» What to do
Look through the listing below for the line with "Сертификация – это" and the line with "The setting 14K". Copy both, along with every line between them, exactly and with no pictures.

» Information supplied
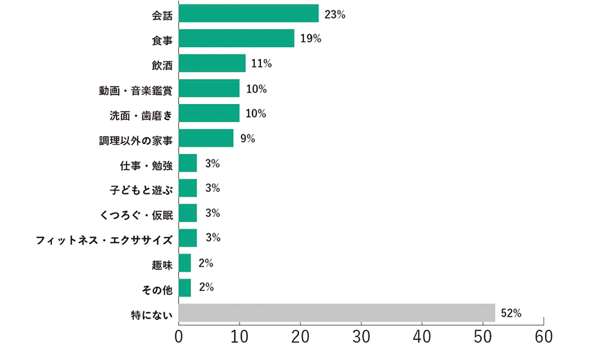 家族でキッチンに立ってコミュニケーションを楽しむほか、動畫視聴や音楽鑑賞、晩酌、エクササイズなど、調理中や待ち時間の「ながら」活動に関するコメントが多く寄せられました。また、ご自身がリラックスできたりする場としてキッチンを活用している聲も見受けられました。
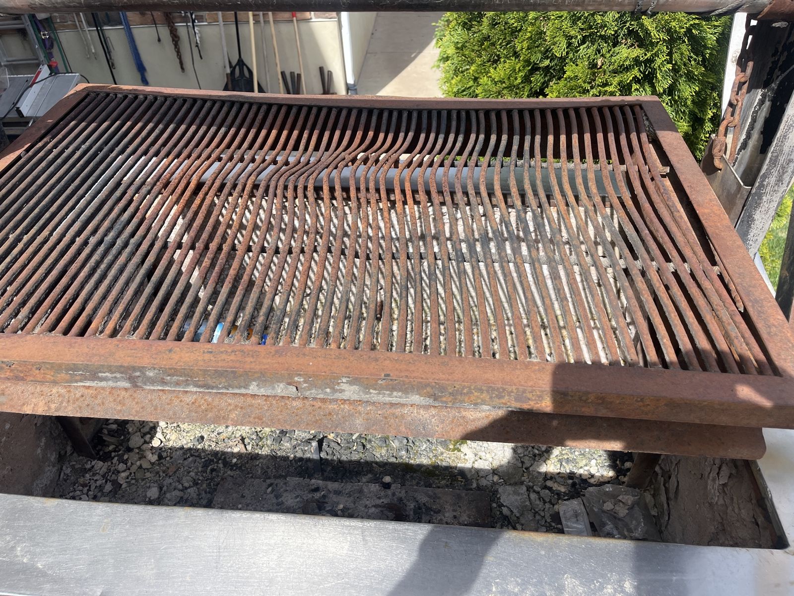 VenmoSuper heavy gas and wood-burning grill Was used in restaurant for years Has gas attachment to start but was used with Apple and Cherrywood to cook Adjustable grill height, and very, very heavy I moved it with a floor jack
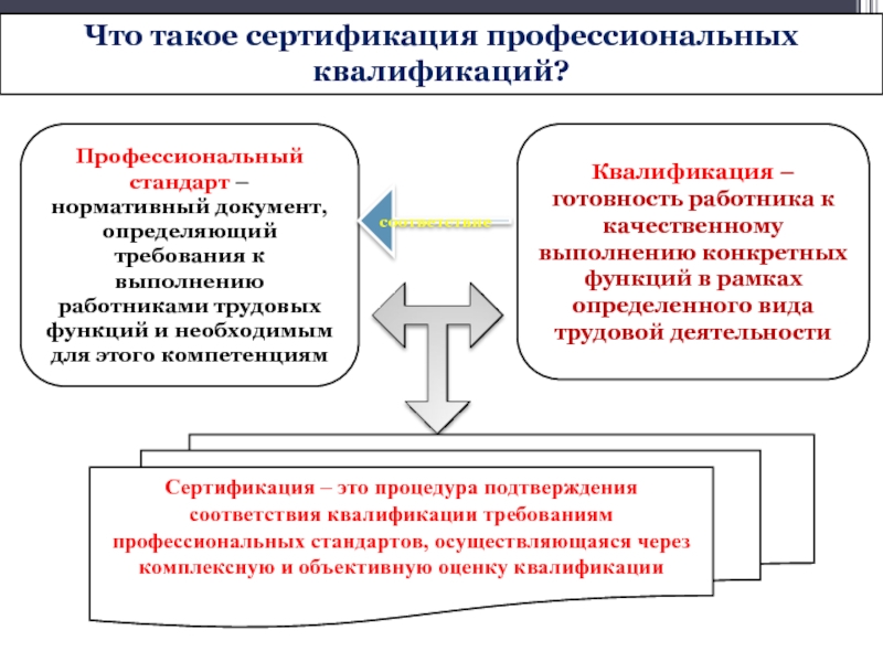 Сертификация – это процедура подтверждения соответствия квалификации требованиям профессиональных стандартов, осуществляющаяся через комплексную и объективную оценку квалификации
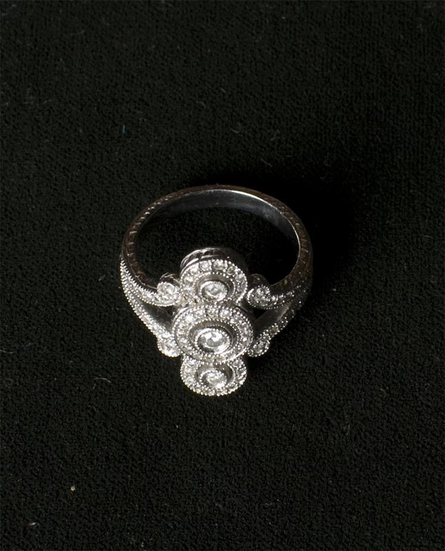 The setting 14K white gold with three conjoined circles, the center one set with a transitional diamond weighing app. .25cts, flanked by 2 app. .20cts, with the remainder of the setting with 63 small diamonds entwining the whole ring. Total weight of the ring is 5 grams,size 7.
* * *
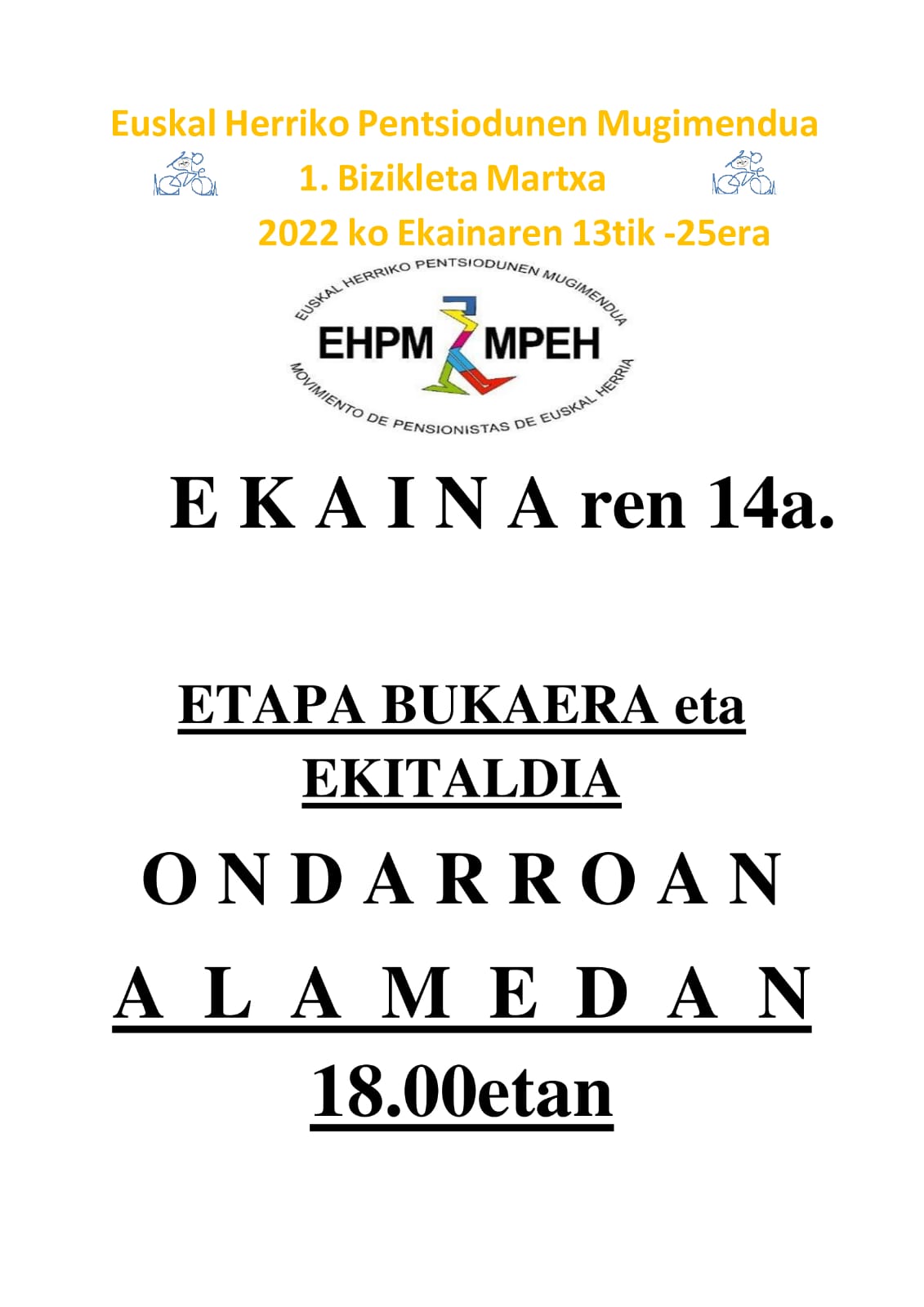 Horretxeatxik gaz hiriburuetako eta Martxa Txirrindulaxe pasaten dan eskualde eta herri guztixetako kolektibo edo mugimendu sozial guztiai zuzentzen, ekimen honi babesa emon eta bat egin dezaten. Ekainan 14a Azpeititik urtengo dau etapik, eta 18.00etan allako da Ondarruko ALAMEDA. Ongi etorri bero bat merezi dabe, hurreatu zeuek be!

» Reply
 Сертификация – это процедура подтверждения соответствия квалификации требованиям профессиональных стандартов, осуществляющаяся через комплексную и объективную оценку квалификации
 The setting 14K white gold with three conjoined circles, the center one set with a transitional diamond weighing app. .25cts, flanked by 2 app. .20cts, with the remainder of the setting with 63 small diamonds entwining the whole ring. Total weight of the ring is 5 grams,size 7.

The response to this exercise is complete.